When component A calls component B during startup, then on a “cold start” of the system it is necessary to remember to start B first, then A. When no such calls occur, then startup is simple: first platform services such as databases (in any order), then back-end components (in any order), then aggregation-layer components (in any order).

By preventing any rest calls between back-end components, we can enforce this “restartability” without “chaos monkeys”, restart-tests, code-reviews, or other time-consuming manual processes.

Maximum system availability during failure of specific components

When some subset of functions of component A fail if component B is not contactable, then the overall reliability/stability of the system is hard to analyse. When no such calls occur then understanding reliability is easy: only “aggregation-layer” components can ever fail due to their dependencies not currently being available. Back-end components have no unusual failure-modes which need to be tested; they require access to their own databases and Kafka, and that’s about it.

This implies that any “read model” must be cached by each domain so that the data is available even on a restart when the source of the data is not currently available.

Ease of Understanding

A system in which each component is truly “standalone” makes the architecture easily understandable for new (and existing) IT staff.

For obvious reasons, a system where the coupling between deployed software components is easily understandable and easily drawn on a diagram is desirable. There will always be dependencies between “layers” — clients call APIs and back-end components call platform services. However keeping other connections to a minimum reduces the overall complexity.

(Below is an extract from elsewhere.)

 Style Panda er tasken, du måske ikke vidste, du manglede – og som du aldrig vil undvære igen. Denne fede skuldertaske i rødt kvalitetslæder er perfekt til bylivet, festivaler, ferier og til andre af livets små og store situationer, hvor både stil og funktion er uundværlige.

The first two diagrams in this presentation from bank Monzo show an example of what we would prefer to avoid..

Security

Allowing cross-component rest calls increases the “attack surface” of components — they have additional APIs. And these APIs need some kind of security model which is quite different from the model applied to client requests. When these APIs are not present, then security analysis becomes much easier.

Allowing cross-component calls also reduces security vulnerability to lateral movement — the ability of an attacker who controls one component to use that to gain control of other components within the system. If a component makes NO calls to other components, then we can use firewalls (or similar mechanisms) to make life extremely difficult for an attacker. However if even one call to another component is necessary then (a) we cannot use firewalls to block access between these specific components, and (b) it becomes more complex to block calls to other components; the rule is no longer “block everything” but “block everything except …” where the exceptions need to be configured differently for each component.

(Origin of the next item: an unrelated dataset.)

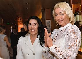 45-й Московский международный кинофестиваль (ММКФ). Ежегодная White Party и церемония вручения премии "Аванс" журнала "Кинорепортер" в ресторане "Чаiка". Актриса Эвелина Бледанс (слева) и балерина Анастасия Волочкова (справа) на церемонии.

Minimal API stability Issues

When no cross-component calls exist then the only APIs for which backwards compatibility must be enforced are:

  • calls intended to be used by clients (higher tiers)
  • schemas of published (asynchronous) messages

High Performance and Predictable Scalability

Because each client request can be served without communicating with any other back-end component, performance is high and predictable.

Scalability is also predictable: find the bottleneck (whether local IO, local CPU, database, etc) and fix that. There is no need to coordinate scaling with the owner of any other component.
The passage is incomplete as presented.